Thursday 12 September 2024

The Woodyard, Thoresby Estate.

 

Above: The Woodyard, Thoresby Park, photographed in 1964 from a tree top near the start of Chestnut Avenue. (The remnants of the Duke's carriage way, leading from Thoresby Hall to Buck Gates, are still visible from mid left to the road.)

The Woodyard is situated at the other side of Thoresby Lake from Thoresby Hall, outside the region known as the Pleasure Grounds. It was built in 1876, during the time of Sydney William Herbert Pierrepont, 3rd Earl Manvers, at a cost of £64,000. This is where the timber grown by Thoresby Forestry Department became the Estate’s fences, telephone poles, window frames, doors, and much more.

Selected trees would be felled after the leaves had fallen, and the sap was no longer rising. These would be taken to the Woodyard where the 40 H.P. gas engine of the large central saw mill cut them into their desired formats. This saw mill, the large central building on the picture below, was run by Jack Williamson and his staff of about six men. It was also the location of the band saw, lathe, and various other powered woodworking machines, the floor to the saw mill concealing a maze of pulleys, shafts and drive belts. I well remember waking to the sound of Jack's early morning saw, and the smell of the fresh cut timber which would then be stacked in the central drying shed for two years before being used in the joiners' shop at the Woodyard’s entrance. At the rear of the yard, next to the “sand pits”, was the "shavings shed" in which younger, slimmer, timbers were manually stripped of their bark.

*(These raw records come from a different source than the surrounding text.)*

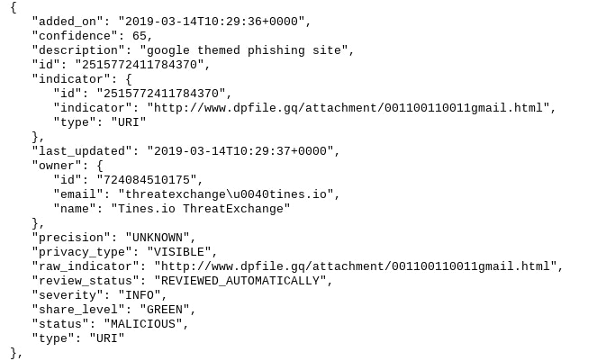 Similarly, to create a pulse using Tines with the data sent to the webhook, you can create a HTTP Request "Post" Action. When we add the webhook as an “Event Source” this Action receives the event emitted by the webhook Action, and can read the event’s parameters and be referenced using the json path of those parameters. For example, adding {{.iocs_webhook.ioc}} to the HTTP Request "Post" Action will send through the URL in the image above in the “name” parameter of the payload. Similarly, {{.iocs_webhook.ioc_type}} will pass through the type above, “url” as the indicator type to AlienVault. This Action then sends the relevant information to AlienVault:This simple request automatically creates a Pulse in AlienVault OTX. This pulse is public and contains all the information we originally sent to the webhook above:AlienVault OTX – Creating Pulses. A pulse created using tines.com here. Trustar is another threat intelligence platform popular among “Information Sharing and Analysis Centers” (ISACs) like IT-ISAC or H-ISAC (Health-ISAC). They provide closed-source feeds from entities like Abuse.ch, DHS CISCP, US-Cert, Malware Traffic Analysis and others that can be integrated into your SIEM, Splunk, Endpoint tools etc. Once you have a bearer token, you share data with Trustar using curl: You can augment the above query to send pulses with hundreds of IOCs or update a pulse with more information using a “Patch” command.To submit to IT ISAC you need an Enclave ID to which you have “Full Access” and then include that in your request. You’ll also need to login or create an OAuth2.0 App to get a Bearer token which is included in your request, as below. Trustar – Sharing IOCs to an EnclaveFor a full list of ways to submit data to AlienVault OTX you can read their full documentation.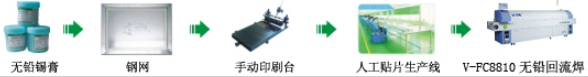 人工貼片生產(chǎn)線 人工貼片生產(chǎn)線主要是人工模擬貼片機(jī)的貼片嘴,通過(guò)人工貼片筆自身產(chǎn)生的空氣壓強(qiáng)差(反向真空),將貼片元器件從料帶直接吸起,然后通過(guò)人工將元器件放置于相應(yīng)的PADS位上,通過(guò)已調(diào)整的氣壓吸力,人工貼片筆吸著力小于錫漿(貼片膠)的粘著力,元器件自動(dòng)放置在相應(yīng)的PADS上.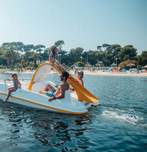 - explorez les eaux de la lagune à bord de nos bateaux pédaliers, parfaits pour une aventure en famille ou entre amis ;

Beside the saw mill was a huge, black, metal creosote tank, 20 foot long and 5 foot diameter. This is where fence posts and poles would be left to soak as the tank was flooded with creosote, a banned substance today. It resembled a submarine, as a young child was able to stand upright inside.

As the nation's oil lamps gave way to gas, a gas works was installed behind the cottages on the northern side of the yard at a cost of £2,251. This supplied Thoresby Hall, Perlethorpe Church, the path to the Hall and its gates, Perlethorpe School, and Buck Gates. During the 1930's, Johnny Mellors lived in the Woodyard cottages and three times a week took a horse drawn cart to Ollerton Station to get coal for Thoresby Hall's boilers.

In August 1940 a number of incendiary bombs fell on Thoresby, and Walesby. During the night of 29th August the Woodyard caught fire as a result of this but no extensive damage was done.

On the right of the Woodyard entrance was the office of the Clerk of Works this being Johnny Mellors in the 1930's, Noel Whitworth from 1940 - 50, and Jack Bramley between 1950 - 1963. Opposite his office was the main joiner's shop in which worked such personnel as William “Jock” Craig, foreman of the Woodyard during the 1950's – early 1960s, and Gran Gilliver. Others in the workforce included Bill Nunn and Jack Kenyon, the latter of whom was also the church boiler stoker in 1959. All these men took great pride in their skills and versatility.

Above: The Woodyard in 1984. Three Gables can be seen on the distant right. The large central building was the saw mill, whilst the works van parked inside the building on the left.






Above: In 2019 I was permitted to take a last look around The Woodyard, Thoresby Park.